With Sher Bahadur Deuba having virtually thrown in his neck in a single noose with Prime Minister Girija Prasad Koirala, the leaders of the two Nepali Congress factions have united. Sensing some kind of conspiracy, several Deuba’s lieutenants are about to defect to the mother party. The only conspiracy seems to be the readiness of Koirala and Deuba to provide ample time to the Narahari Acharyas and Bimalendra Nidhis to cobble together a pro-republic Congress faction or party. No wonder Rabindra Nath Sharma mustered the courage not only to take over the leadership of the Rastriya Prajatantra Party faction in the royal government but also to organize conferences and processions in support of the king.
The external stakeholders are equally baffled.
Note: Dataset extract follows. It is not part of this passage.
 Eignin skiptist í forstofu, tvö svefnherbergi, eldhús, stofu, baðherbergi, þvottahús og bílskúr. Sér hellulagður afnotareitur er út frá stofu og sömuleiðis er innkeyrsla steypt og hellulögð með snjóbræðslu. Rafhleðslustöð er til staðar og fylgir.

Having failed to prevent the Maoists’ political ascendancy, American Ambassador James F. Moriarty has taken his mission to the Terai. In rather impressive Nepali the other day, he said he felt for the grievances of the madhesis. Maybe Hridyesh Tripathi and the other Sadbhavana Party people can, after all, expect to file election nomination papers from Sankhuwasabha and Solukhumbu in their lifetime.
Even after having disarmed the Maoists on paper – a feat unthinkable before Prachanda’s Delhi sojourn – New Delhi remains wary of the Maoist rebels. Ostensibly, India wants to track down all the arms that may have found their way to the criminal underworld and the Naxal underground before contemplating engagement with any Maoist minister.
Yet the real worry of New Delhi, Washington and the rest of the west seems to be a four-word qualification in Chinese official media. The People’s Daily consistently refers to the Maoists as the Communist Party of Nepal (formerly known as guerrilla). The full import of that suffix is still being analyzed in India in the afterglow of President Hu Jintao’s recent visit.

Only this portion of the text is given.